Some of those fighters later formed Al Qaeda, which declared war on the United States and later mounted major attacks inside Saudi Arabia as well. In the past decade, according to officials of both the George W. Bush and Obama administrations, the Saudi government has become a valuable partner against terrorism, battling Al Qaeda at home and last year joining the American-led coalition against the extremists of the Islamic State.
Yet Saudi Arabia continues to be haunted by what some suspect was a tacit alliance with Al Qaeda in the years before the Sept. 11, 2001, terrorist attacks. Those suspicions burst out in the open again this week with the disclosure of a prison deposition of a former Qaeda operative, Zacarias Moussaoui, who claimed that more than a dozen prominent Saudi figures were donors to the terror group and that a Saudi diplomat in Washington discussed with him a plot to shoot down Air Force One.
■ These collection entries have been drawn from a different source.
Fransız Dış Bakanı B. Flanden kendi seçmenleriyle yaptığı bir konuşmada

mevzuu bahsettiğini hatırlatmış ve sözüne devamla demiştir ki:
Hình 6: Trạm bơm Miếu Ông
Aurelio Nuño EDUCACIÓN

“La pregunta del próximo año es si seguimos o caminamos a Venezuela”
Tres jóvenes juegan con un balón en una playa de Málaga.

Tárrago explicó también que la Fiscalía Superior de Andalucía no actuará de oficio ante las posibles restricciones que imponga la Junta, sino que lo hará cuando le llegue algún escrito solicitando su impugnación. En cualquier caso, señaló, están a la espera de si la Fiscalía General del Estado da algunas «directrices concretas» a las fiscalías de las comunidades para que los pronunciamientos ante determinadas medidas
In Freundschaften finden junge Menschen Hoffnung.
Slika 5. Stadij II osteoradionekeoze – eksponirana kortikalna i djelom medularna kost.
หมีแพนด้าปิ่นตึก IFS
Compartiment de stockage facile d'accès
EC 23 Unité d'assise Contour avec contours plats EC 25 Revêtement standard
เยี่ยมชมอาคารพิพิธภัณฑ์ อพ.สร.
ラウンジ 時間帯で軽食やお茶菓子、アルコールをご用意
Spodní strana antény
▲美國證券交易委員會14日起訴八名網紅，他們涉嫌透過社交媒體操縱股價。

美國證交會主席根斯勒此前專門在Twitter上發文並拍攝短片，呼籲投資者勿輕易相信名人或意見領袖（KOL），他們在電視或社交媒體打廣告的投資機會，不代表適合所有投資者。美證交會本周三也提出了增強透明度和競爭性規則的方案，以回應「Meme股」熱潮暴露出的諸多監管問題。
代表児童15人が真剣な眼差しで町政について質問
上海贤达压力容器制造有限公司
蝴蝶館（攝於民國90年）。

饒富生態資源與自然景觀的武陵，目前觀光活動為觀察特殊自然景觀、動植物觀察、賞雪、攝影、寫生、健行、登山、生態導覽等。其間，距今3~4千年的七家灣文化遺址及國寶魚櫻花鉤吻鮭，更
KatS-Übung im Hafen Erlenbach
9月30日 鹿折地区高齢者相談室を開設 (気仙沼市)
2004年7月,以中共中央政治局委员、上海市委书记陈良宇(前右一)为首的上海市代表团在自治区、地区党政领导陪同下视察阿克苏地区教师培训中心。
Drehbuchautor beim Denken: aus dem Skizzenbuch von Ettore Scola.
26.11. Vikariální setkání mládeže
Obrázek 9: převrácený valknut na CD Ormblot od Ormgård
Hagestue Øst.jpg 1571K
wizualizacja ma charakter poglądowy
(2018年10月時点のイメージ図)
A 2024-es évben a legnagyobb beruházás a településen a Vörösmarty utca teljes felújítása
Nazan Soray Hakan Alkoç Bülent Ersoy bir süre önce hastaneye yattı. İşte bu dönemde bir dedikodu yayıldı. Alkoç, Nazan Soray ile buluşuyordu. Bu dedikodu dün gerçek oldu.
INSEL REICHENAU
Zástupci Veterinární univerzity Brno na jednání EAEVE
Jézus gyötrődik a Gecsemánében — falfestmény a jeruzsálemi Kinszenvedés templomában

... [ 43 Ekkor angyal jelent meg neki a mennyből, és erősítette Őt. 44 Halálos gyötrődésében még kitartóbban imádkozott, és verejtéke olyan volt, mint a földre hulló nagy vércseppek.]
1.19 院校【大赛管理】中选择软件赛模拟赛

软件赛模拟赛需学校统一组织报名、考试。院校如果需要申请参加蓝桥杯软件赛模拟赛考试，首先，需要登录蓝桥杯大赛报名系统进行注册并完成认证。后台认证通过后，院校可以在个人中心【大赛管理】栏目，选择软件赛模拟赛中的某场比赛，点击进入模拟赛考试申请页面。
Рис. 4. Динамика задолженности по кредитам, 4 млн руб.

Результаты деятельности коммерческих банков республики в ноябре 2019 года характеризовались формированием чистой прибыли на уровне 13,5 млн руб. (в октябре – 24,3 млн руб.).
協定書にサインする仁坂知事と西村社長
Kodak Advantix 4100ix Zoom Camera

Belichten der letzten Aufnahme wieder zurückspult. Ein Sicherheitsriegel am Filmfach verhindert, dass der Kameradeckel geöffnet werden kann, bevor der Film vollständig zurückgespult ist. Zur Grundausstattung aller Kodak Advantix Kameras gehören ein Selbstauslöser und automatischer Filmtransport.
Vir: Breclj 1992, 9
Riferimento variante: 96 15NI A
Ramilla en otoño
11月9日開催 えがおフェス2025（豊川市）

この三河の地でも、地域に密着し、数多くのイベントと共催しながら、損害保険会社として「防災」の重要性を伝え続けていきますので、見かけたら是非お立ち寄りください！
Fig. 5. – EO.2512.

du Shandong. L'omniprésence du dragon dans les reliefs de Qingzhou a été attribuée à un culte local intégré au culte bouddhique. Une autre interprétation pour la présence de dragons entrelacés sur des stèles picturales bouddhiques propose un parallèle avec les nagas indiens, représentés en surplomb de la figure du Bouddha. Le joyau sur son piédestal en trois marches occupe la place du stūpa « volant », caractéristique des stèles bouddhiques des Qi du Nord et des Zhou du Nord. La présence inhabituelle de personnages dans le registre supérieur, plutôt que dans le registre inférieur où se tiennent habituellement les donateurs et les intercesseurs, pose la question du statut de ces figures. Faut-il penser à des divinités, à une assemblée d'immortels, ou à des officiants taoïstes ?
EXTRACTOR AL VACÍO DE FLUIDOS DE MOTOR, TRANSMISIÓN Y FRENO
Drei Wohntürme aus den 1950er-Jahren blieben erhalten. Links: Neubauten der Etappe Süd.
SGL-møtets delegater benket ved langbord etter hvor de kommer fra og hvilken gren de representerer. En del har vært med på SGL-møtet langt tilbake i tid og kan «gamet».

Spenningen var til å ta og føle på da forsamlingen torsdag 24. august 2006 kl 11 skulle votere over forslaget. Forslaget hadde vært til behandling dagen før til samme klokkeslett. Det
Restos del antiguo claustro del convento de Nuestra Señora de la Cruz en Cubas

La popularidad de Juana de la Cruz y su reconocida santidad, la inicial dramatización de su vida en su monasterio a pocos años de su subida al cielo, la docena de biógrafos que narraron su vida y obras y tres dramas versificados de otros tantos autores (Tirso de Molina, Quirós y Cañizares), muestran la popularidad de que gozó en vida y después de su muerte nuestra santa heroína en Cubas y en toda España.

Saudi officials have staunchly denied those claims, noting that Mr. Moussaoui was a convicted terrorist with a history of mental troubles and little to lose by spreading lies about Saudi officials. On Wednesday, experts on the kingdom also expressed strong doubts about Mr. Moussaoui’s claims.
By 1994, when Osama bin Laden was stripped of his Saudi citizenship and banned from the kingdom, the Qaeda founder was “writing nonstop against the Saudi regime with the idea of toppling it,” said Bernard Haykel, professor of Near Eastern studies at Princeton. “That the Saudis would knowingly support a movement that sought to destroy them makes no sense to me.”
But Mr. Moussaoui’s sensational allegations have drawn attention in part because far more credible figures, including some members of the national 9/11 Commission, believe the Saudi role in the attacks has never been adequately examined. More broadly, the episode has drawn new attention to Saudi Arabia’s longtime policy of using its oil wealth to try to shape foreign battlefields, currently by backing militants in Syria and Libya, and the reactionary religious ideology that underlies its society.
Throughout the 1980s, Saudi Arabia and the United States were partners in bankrolling the mujahedeen, hailed as freedom fighters by President Ronald Reagan, who were battling the Soviet military in Afghanistan.
Some of those fighters coalesced under the leadership of Bin Laden in 1988 to form Al Qaeda, which soon put the Saudi state on its list of enemies along with the United States. While private Saudi support for Bin Laden’s organization continued to flow, experts who study the kingdom said they doubted it would have come from top officials like those named by Mr. Moussaoui, at least after 1994.
The investigation of the Sept. 11 attacks, in which 15 of the 19 hijackers were Saudi, would most likely have turned up such high-level support if it existed, said F. Gregory Gause III, a professor at the Bush School of Government and Public Service at Texas A & M University, who studies Saudi Arabia.
Among the donors Mr. Moussaoui said were in a Qaeda database that he helped create were Prince Turki al-Faisal, then the head of Saudi intelligence, and Prince Bandar bin Sultan, the Saudi ambassador to Washington. Both held high positions in the very government that Al Qaeda was by the late 1990s seeking to destroy, Mr. Gause said.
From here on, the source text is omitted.